# G9972 Up And Running Again



## Whyemier (Feb 1, 2015)

Stripped some gears in the apron on the G9972 (no Z).  Due to my own stupidity ( that always seems to follow me around). This was one of the gear/shafts 





Hard to see from these photos but four teeth sheared right off. That was the major problem. 

There was another gear with two teeth 'laid over'.  I was able to straighten them and file a bit and make it work since this gear is not readily available at this time.  Just hope it holds until this gear once again is available. Or I decide I've waited too long and machine one myself.

I also had to machine a new feed gear handle.  I made it larger than the original, for more leverage, and straight knurled it for a better grip. 





So I'm machining again, we'll see for how long.


----------



## tmarks11 (Feb 2, 2015)

Crash it (tool post into the chuck)?

Happens to the best of us, and better to do it on a smaller lathe like this than something big and expensive.


----------



## Whyemier (Feb 3, 2015)

tmarks11 said:


> Crash it (tool post into the chuck)?
> 
> Happens to the best of us, and better to do it on a smaller lathe like this than something big and expensive.



Close.  The Carriage into the TailStock.  Lost focus when the wife was asking when I wanted dinner and got bit. 
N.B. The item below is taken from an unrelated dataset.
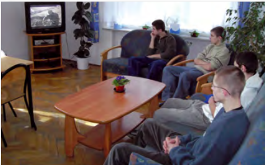
▲ Sal6n de recreo

Como Centro de D6a la instituci6n camina muy bien, seg6n su director general, si bien todav6a falta un mayor trabajo a nivel de terapia familiar. Los juzgados que env6an a los j6venes est6n contentos con la labor que se realiza con los j6venes.

All turned out well though and the world is good once again.


----------



## tmarks11 (Feb 3, 2015)

Whyemier said:


> Close.  The Carriage into the TailStock.  Lost focus when the wife was asking when I wanted dinner and got bit.
> 
> All turned out well though and the world is good once again.


backwards crash.


Much less painful, as it doesn't cut a chunk out of your cross slide.


----------